A recent study headed by researchers at The University of Texas at Austin, in collaboration with a Chinese team, has found what the team believes to be evidence that groupings of iron atoms in the Earth’s core can change their locations in quick movements while strangely preserving the iron’s underlying metallic structure.
The phenomenon, known as collective motion, is described in a new study authored by the team that appeared in PNAS.
“Earth’s solid inner core exhibits intriguing characteristics,” the study’s authors wrote in an explanatory statement outlining the significance of their findings.
“In this study, we have used high pressure–temperature experiments and machine learning calculations to examine the dynamics and sound velocities of hcp-Fe (hexagonal close-packed iron) at the inner core conditions,” the authors state.
According to their findings, the researchers report a “drastic reduction in shear wave velocity when hcp-Fe approaches the melting point,” adding that their calculations indicate iron atoms clearly display evidence of collective motion.
The team says its results are also consistent with past seismic observations, as well as studies involving the geodynamics of the Earth’s inner core, which similarly demonstrate how collective motion in close-packed iron located there effectively softens our planet’s otherwise solid inner core.
Youjun Zhang, one of the study’s lead authors, says that in the past, seismologists have found that the Earth’s inner core “is surprisingly soft, kind of like how butter is soft in your kitchen.”
Zhang says that one of his team’s most significant discoveries is that the softness of solid iron in the Earth’s inner core occurs “because its atoms can move much more than we ever imagined.”
“This increased movement makes the inner core less rigid,” Zhang said in a statement, and “weaker against shear forces.”
The team believes that their observations could help provide explanations for a range of intriguing phenomena observed in past studies involving Earth’s inner core, which currently remain unresolved by scientists.

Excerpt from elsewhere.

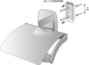 Держатель туалетной бумаги с крышкой. Крепится к стене шурупами. Произведено из цинкоалюминиевого сплава, покрытого хромом.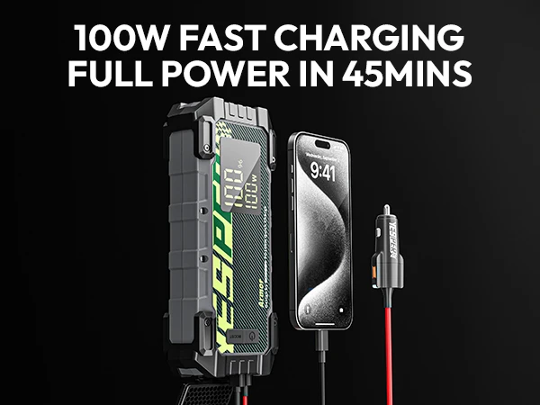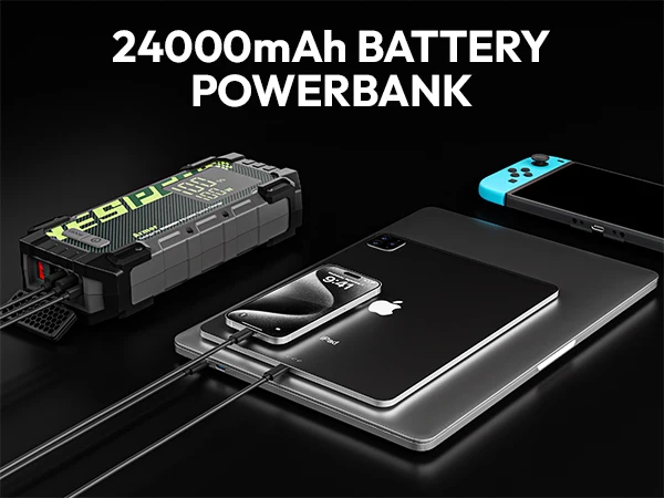 Dual Functionality: Acts as both a jump starter and a portable power bank for all your devices, making it a versatile companion for travel and emergencies.

Significantly, the new insights could also help to highlight the role of our planet’s inner core in powering the unexplained mechanism that produces Earth’s magnetic field, a mysterious source scientists call Earth’s geodynamo.
Dynamo theory, according to physics, describes the means by which any planet or other celestial body’s magnetic field is created. According to this theory, a rotating electrically conductive fluid that is undergoing convection can produce and sustain a magnetic field over astronomical time scales.
Jung-Fu Lin, a professor at the UT Jackson School of Geosciences and one of the lead authors of the new PNAS study, says the new findings may also reveal clues about the origins of Earth’s core, and how it has changed over time.
“Now, we know about the fundamental mechanism that will help us with understanding the dynamic processes and evolution of the Earth’s inner core,” Lin said in a statement.